Using AI in the OKR Writing Process

Niklas Olsson Niklas Olsson
Writing OKRs June 1, 2026 10 min read
Stylised figure pausing mid-build of a coloured block structure while an abstract AI form returns floating question shapes, representing AI in OKR writing as a coach rather than an author

There has rarely been a more convenient time to write OKRs. Feed a language model a short description of your team and what you want to achieve, and within seconds you have an objective and a few key results that read like they came out of a textbook. The structure is clean, the wording is tight, and the metrics sound credible. For the formulation part, AI has quietly done a lot of the heavy lifting.

The catch is that writing OKRs was never really the hard part. The hard part is the thinking that should sit underneath the wording: deciding what matters most this cycle, agreeing on what success actually looks like, and committing to it together as a team. That thinking is what gives OKRs their value, and it is also what AI is least equipped to do for you.

This article is a practical look at how to use AI in OKR writing in a way that supports the team rather than replaces it. We will go through where AI fits in the process, what to delegate and what to keep human, how to set it up as a sparring partner instead of a ghostwriter, and what to look out for so that the goals end up owned by the people who will be working with them.

Where AI fits in the OKR writing process

A common instinct, when a team sits down to write OKRs, is to start with AI. Describe the team, paste in some strategy notes, ask the model to produce a first draft, and refine from there. It is a quick way to fill a page, and the output usually looks reasonable.
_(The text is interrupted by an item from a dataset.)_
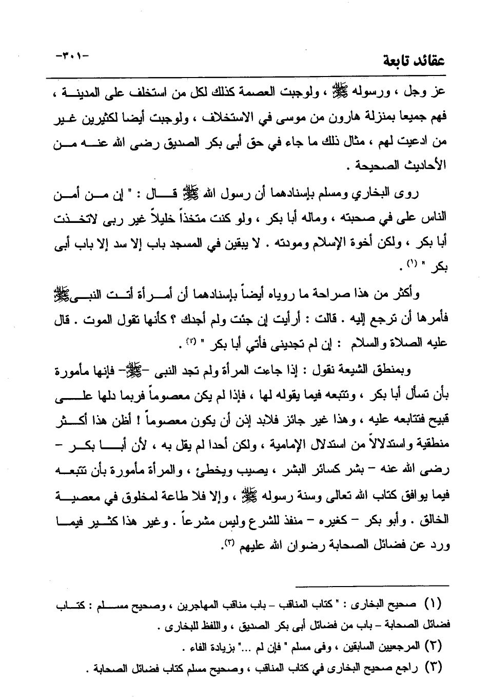 عز وجل، ورسوله صَلَّى اللهُ عَلَيْهِ وَسَلَّمَ، ولوجبت العصمة كذلك لكل من استخلف على المدينة، فهم جميعا بمنزلة هارون من موسى في الاستخلاف، ولوجبت أيضا لكثيرين غير من ادعيت لهم، مثال ذلك ما جاء في حق أبى بكر الصديق رضي الله عنه من الأحاديث الصحيحة.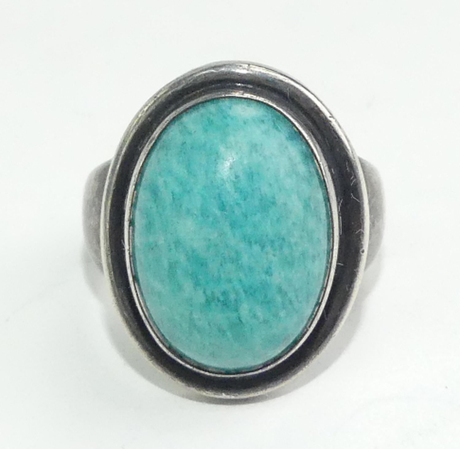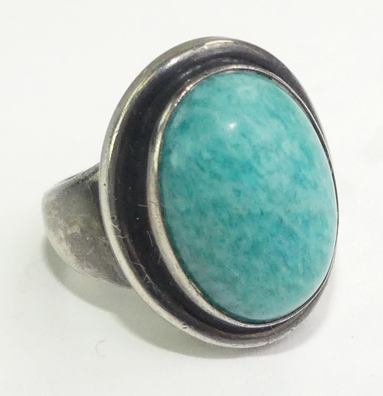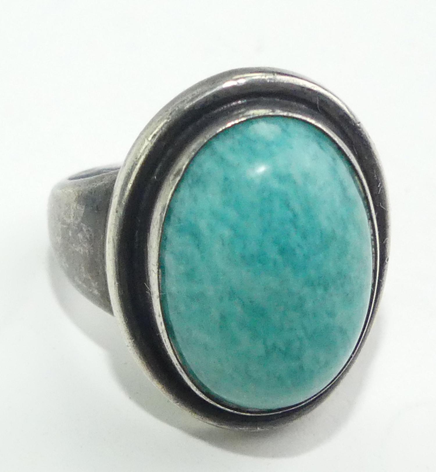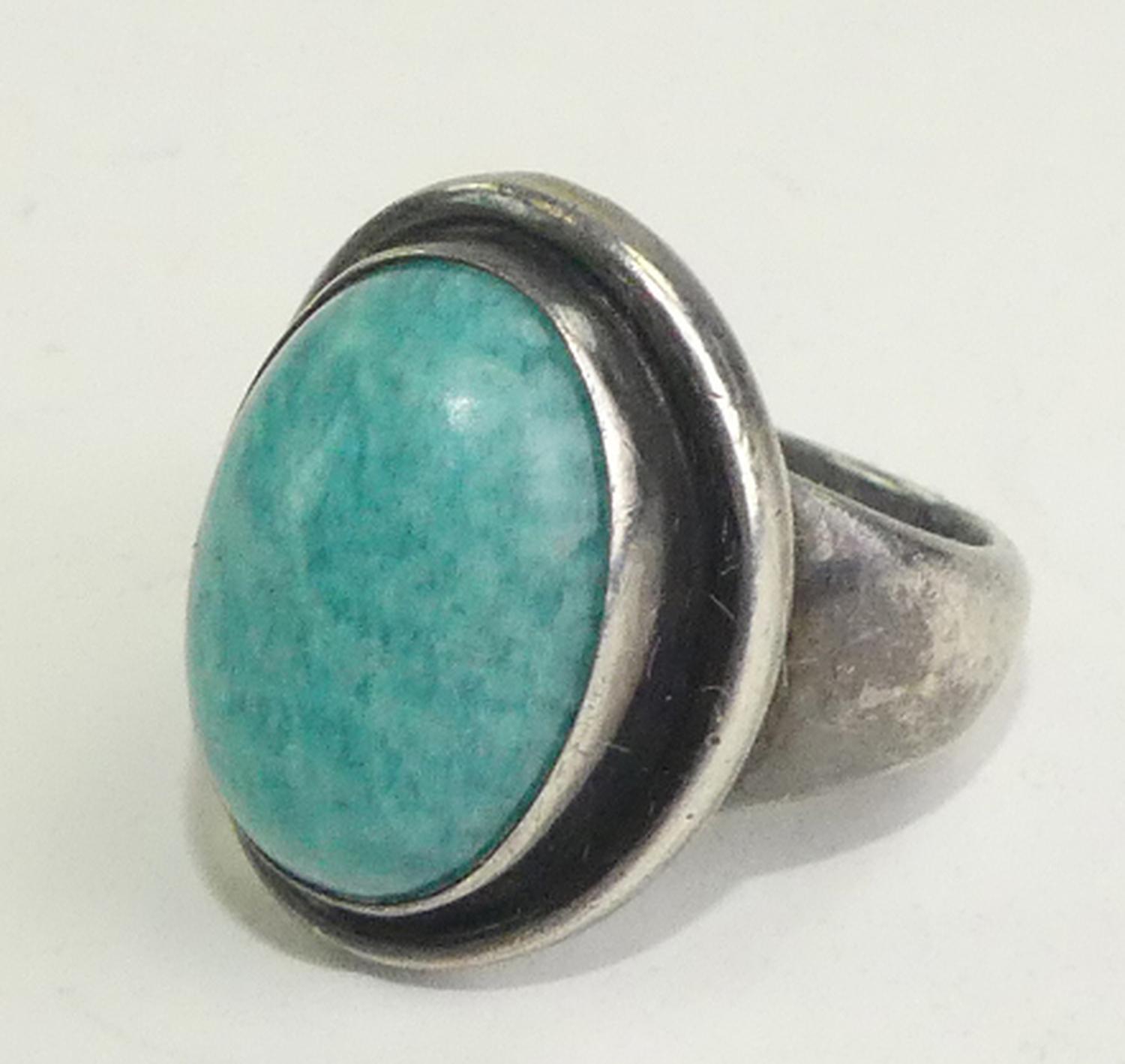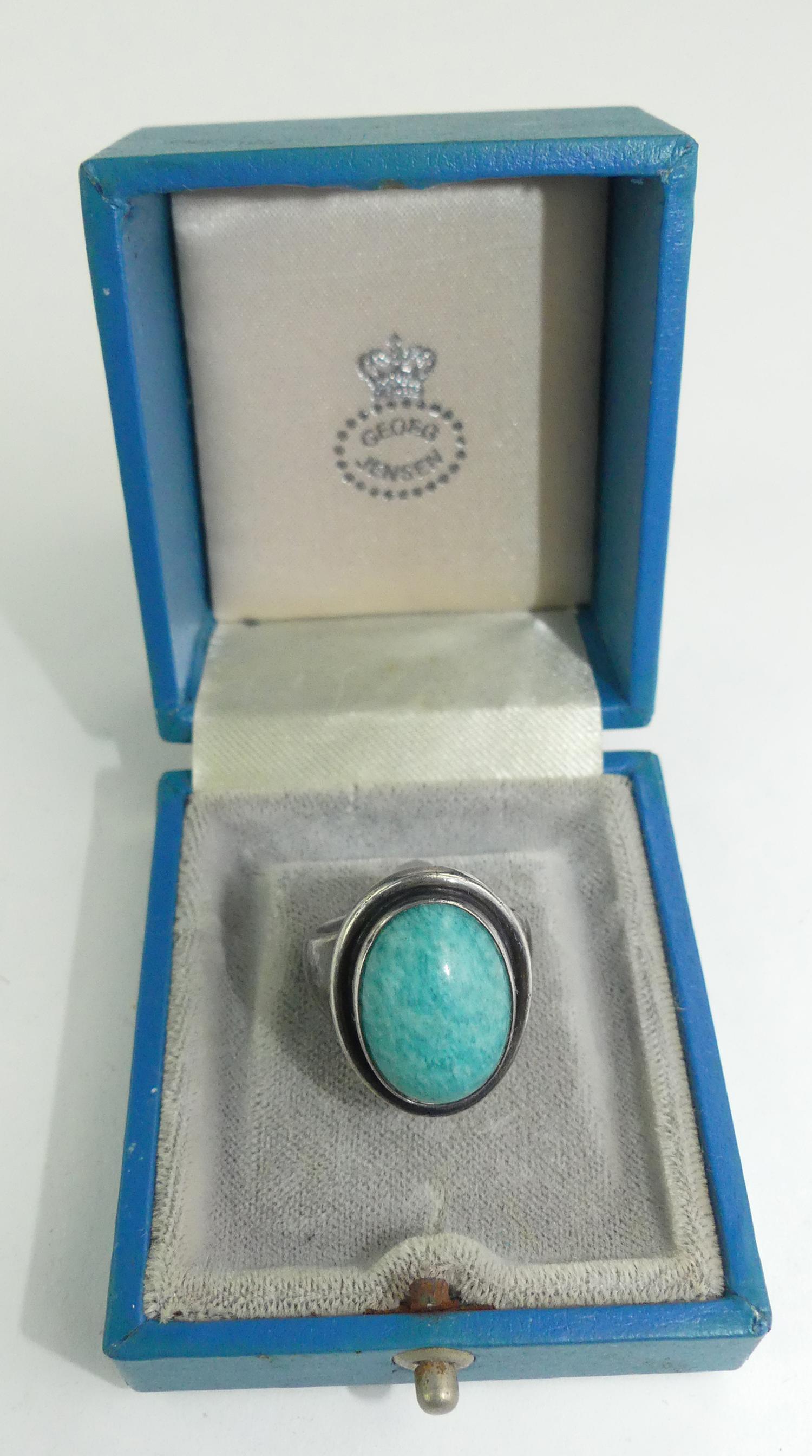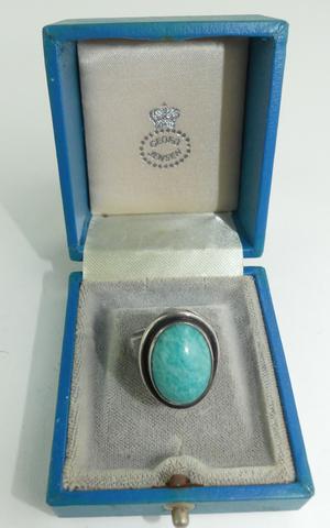 georg jensen sterling silver ring with amazonite, 46a, size 7 1/2, with box

The problem is that the page filling itself is not the bottleneck. What the team most needs early in the process is its own conversation: what are we actually trying to move this cycle, what would success look like, where are we likely to disagree, and what are we leaving for later. That conversation generates the substance the rest of the work depends on. If AI is in the room before that conversation has happened, the team often skips it and quietly accepts the model’s framing instead.

Two figures studying a stack of layered planes while an abstract AI form projects a focused frame on a single plane, representing a narrow, specific question to AI in the OKR writing process

A more useful place for AI is later, once the team has done the bulk of its thinking, and the questions become specific and narrow. By that point the team usually knows what it wants to achieve and roughly how, and gets stuck on the wording, the measurability of a particular key result, or whether an objective is doing enough work. That is where AI can genuinely help. A useful prompt at that stage sounds more like “what could be an underlying result behind this activity” or “can we sharpen the wording of this objective without losing what we mean” than “write us a set of OKRs for next quarter.”

So a good rule of thumb is to bring AI in late, when the team is stuck on a specific question, rather than early, when the team is still working out what it cares about.

What to delegate to AI, and what to keep human

Some parts of the OKR writing process are reasonable to delegate to AI. Collecting and organising information is the clearest example. If your AI setup has access to the strategic OKRs, the work other teams have committed to this cycle, or how your own team did last quarter, asking it to surface that picture is a sensible use of the tool. It saves time, it keeps everyone working from the same context, and it does not require ownership of any judgement.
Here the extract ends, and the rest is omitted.